Exercise:
Strip out all images, then restate the data verbatim.

Recorded information:
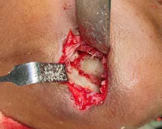 Fig 9 — Necrotic bone and sequestrum debrided till exposure of fresh bone
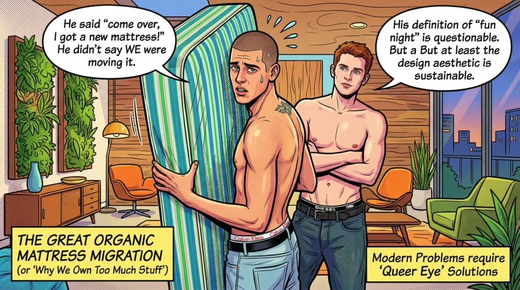 Shane, already sweating, grinned sheepishly. “I said I got a new mattress. I never said I wasn’t going to make you help move it.”
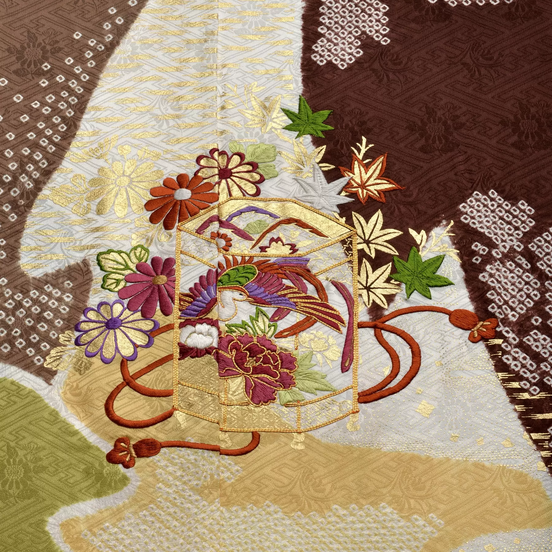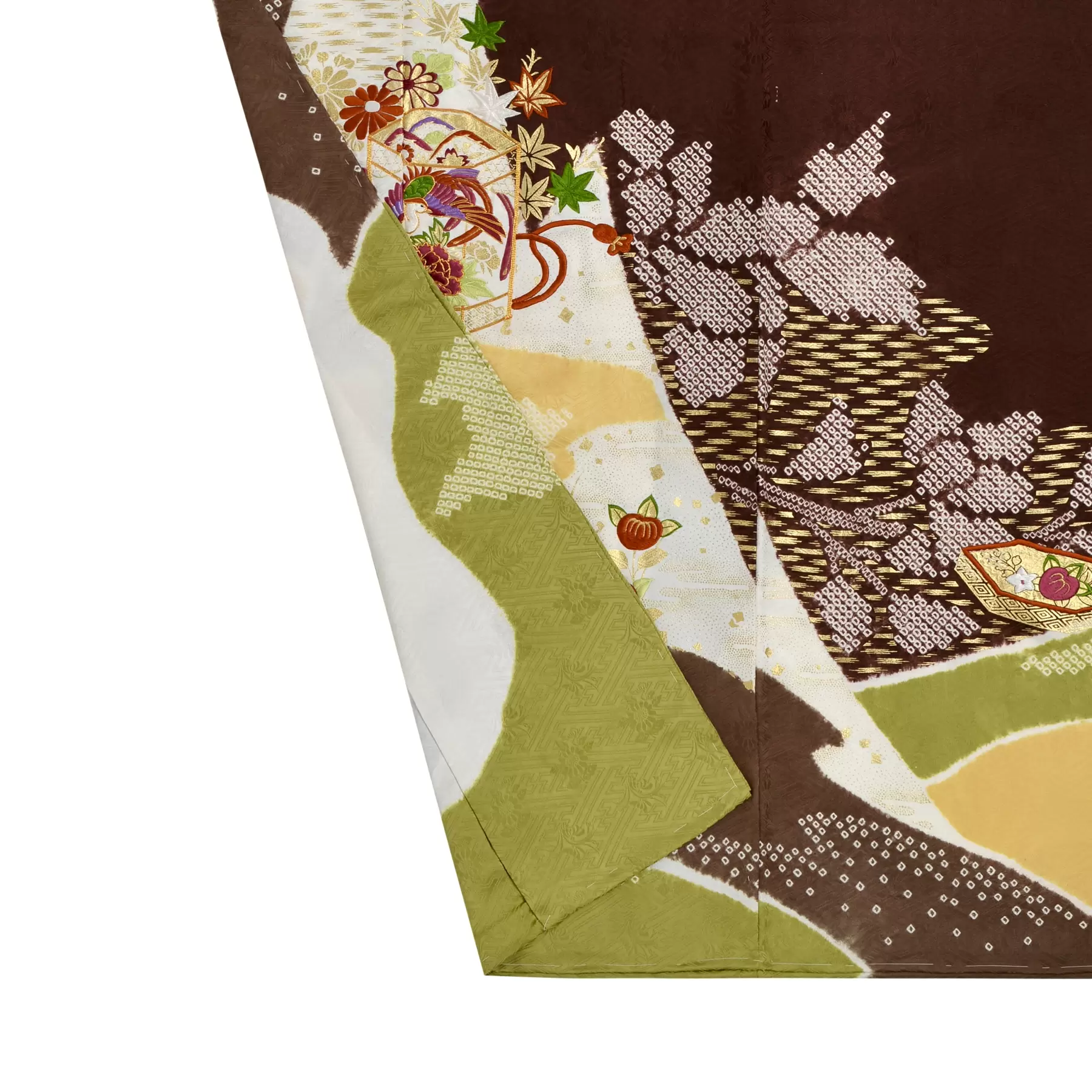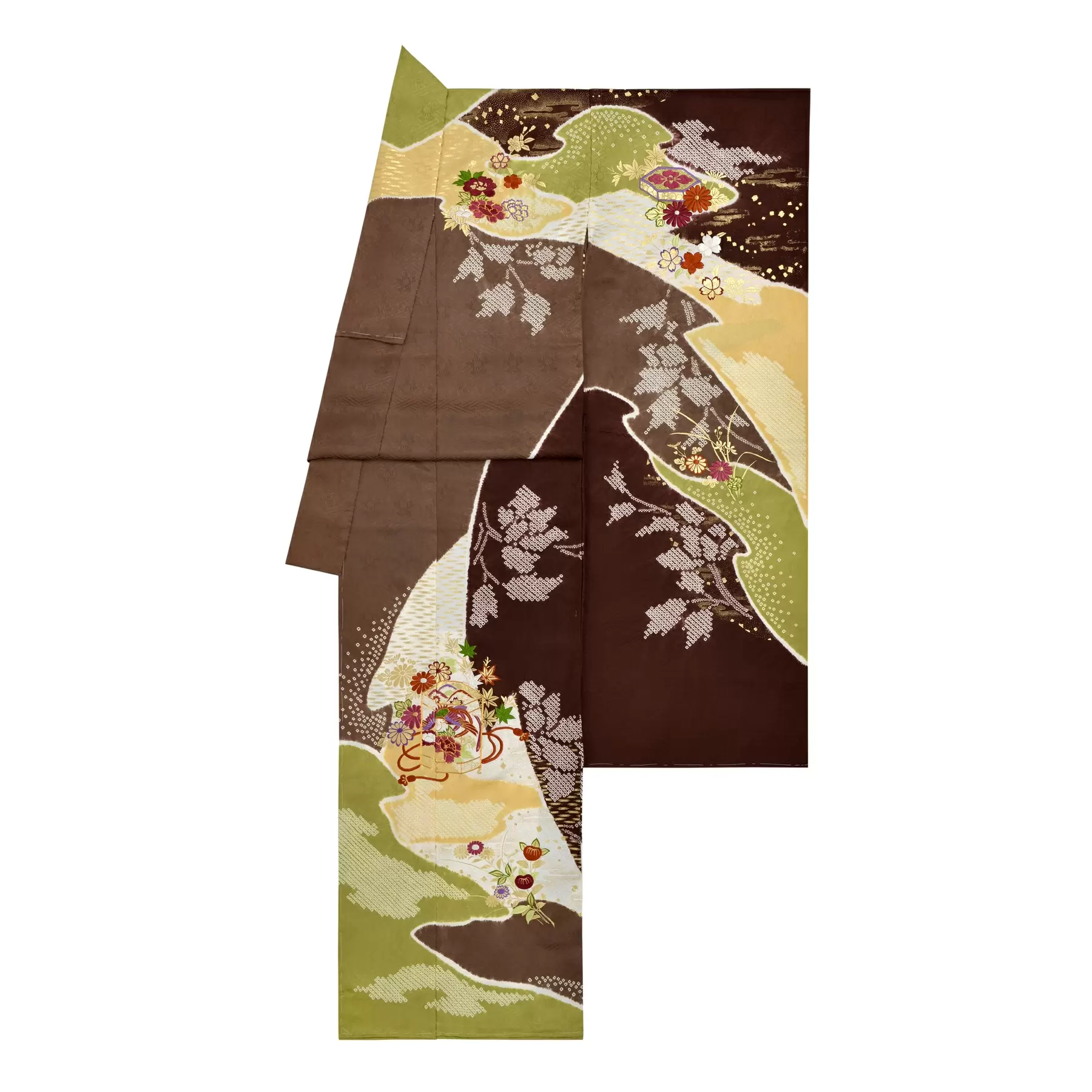 山の稜線、川の流れ、雲のたなびく様などの自然の風景を抽象的に描き出した慶長小袖をベースに、絞りと刺繍の技法で自然の豊かさを描き出した一枚です。茶色や緑に効かせたクリームが抑えた華やかさを感じさせる地色の上に、貝桶や牡丹が粋に描かれています。重厚感があり、誰とも被らない振袖です。

Response:
 Fig 9 — Necrotic bone and sequestrum debrided till exposure of fresh bone
 Shane, already sweating, grinned sheepishly. “I said I got a new mattress. I never said I wasn’t going to make you help move it.”
 山の稜線、川の流れ、雲のたなびく様などの自然の風景を抽象的に描き出した慶長小袖をベースに、絞りと刺繍の技法で自然の豊かさを描き出した一枚です。茶色や緑に効かせたクリームが抑えた華やかさを感じさせる地色の上に、貝桶や牡丹が粋に描かれています。重厚感があり、誰とも被らない振袖です。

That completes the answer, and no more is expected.